Turn it off? I wish :-)
No, I don't think so. "Scan every file" is what mcshield does, unless you tell it to ignore some categories of file. It's not programmed to know when the machine is just coming out of hibernation : to mcshield it must look as if the machine's just been switched on, so it leaps into action and does its stuff.
It's annoying, but I can't see a way to stop it happening. You've done about all you can do to minimise the work mcshield has to do.
I thought of one other thing, but it kind of defeats the purpose of hibernation: close all your open windows before you hibernate. But then mcshield will scan them anyway when you open them, just slowing things down a little at a time instead of all at once. I just saw something that says I can get a usb flash drive and use it as additional ram. Maybe that will help. A second hard drive just for pagefil.sys could help, too.

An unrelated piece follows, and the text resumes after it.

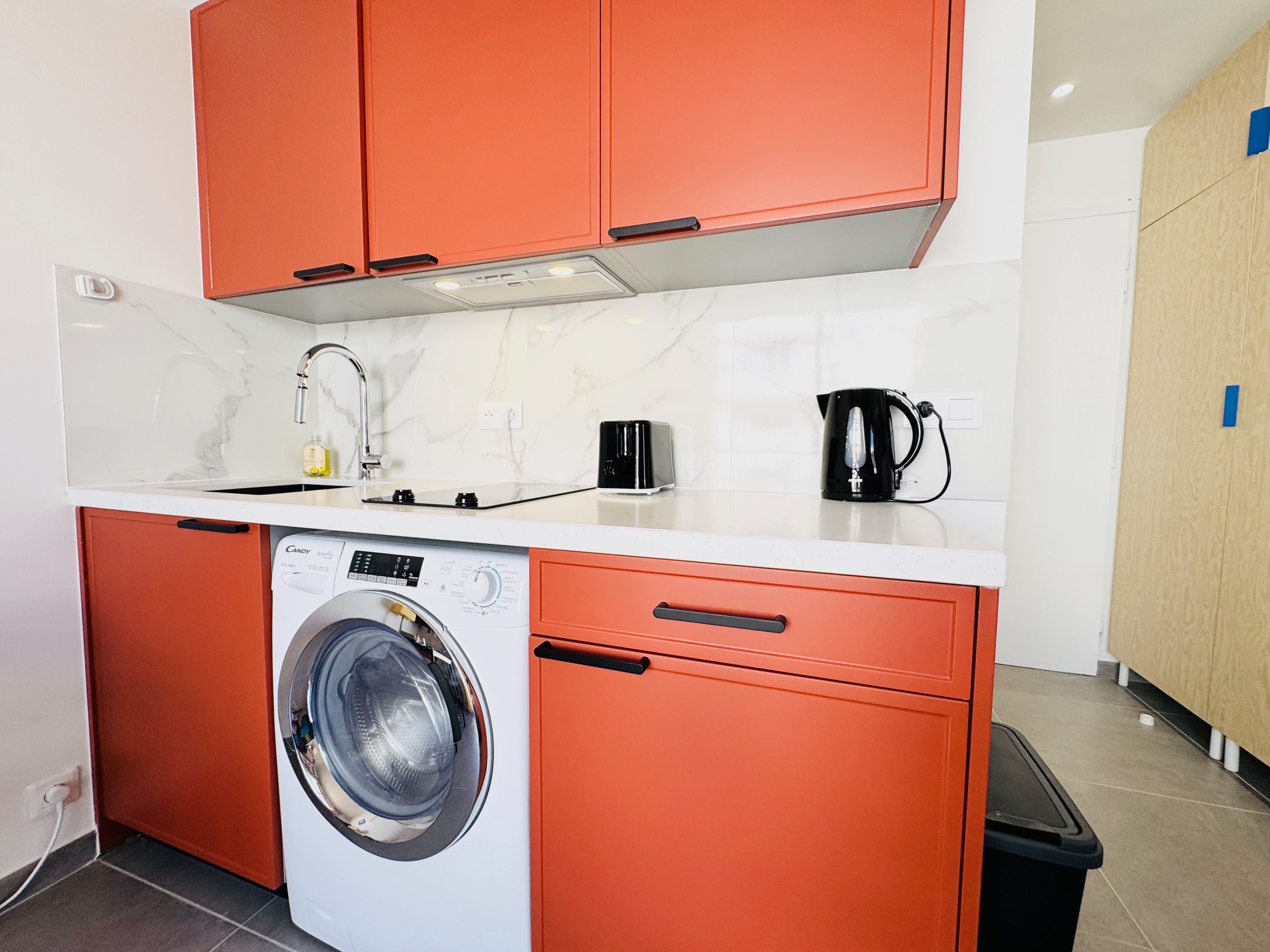 Le logement dispose d’un canapé lit de 140×200, d’un placard pour vos affaires, d’une machine à laver avec à disposition un étendoir, une planche à repasser ainsi qu’un fer.

I'd go for the second hard drive for your page file, I read somewhere that it helps generally. Wish I could remember more about that topic, but I do recall that it was recommended. Not sure about the flash-drive-as-RAM idea, but it might be worth a try.
If I can find the article or blog or whatever about the 2nd hard drive tonight I'll give you a link. If I can't find it tonight, then it depends on what I'm doing tomorrow ...
Not the one I wanted but it might do :
And : All About Hibernation or, The Chicken and The Egg
(basically saying, don't try to move the hibernation file)
I do not use hibernation but when it comes out of hibernation does the PC index the files specified as it does on boot. if so Mcshiled will scan all indexed files.
I think so, indexing is one of the tasks that is doing some disk I/O.
Today when I woke it up the first thing I did was turn off realtime scanning. That took two minutes to navigate three screens, but once it was off the system immediately became responsive. It took another two minutes for the disk queue to become empty, mcshield was still the cause of the I/O, but it was up and running.
Now I've turned it back on with no ill effects. I'll try turning it off before hibernating, and see what happens.
I stopped indexing all files and only indexed certain folders that helped on my daughters slow PC . What is your cpu model?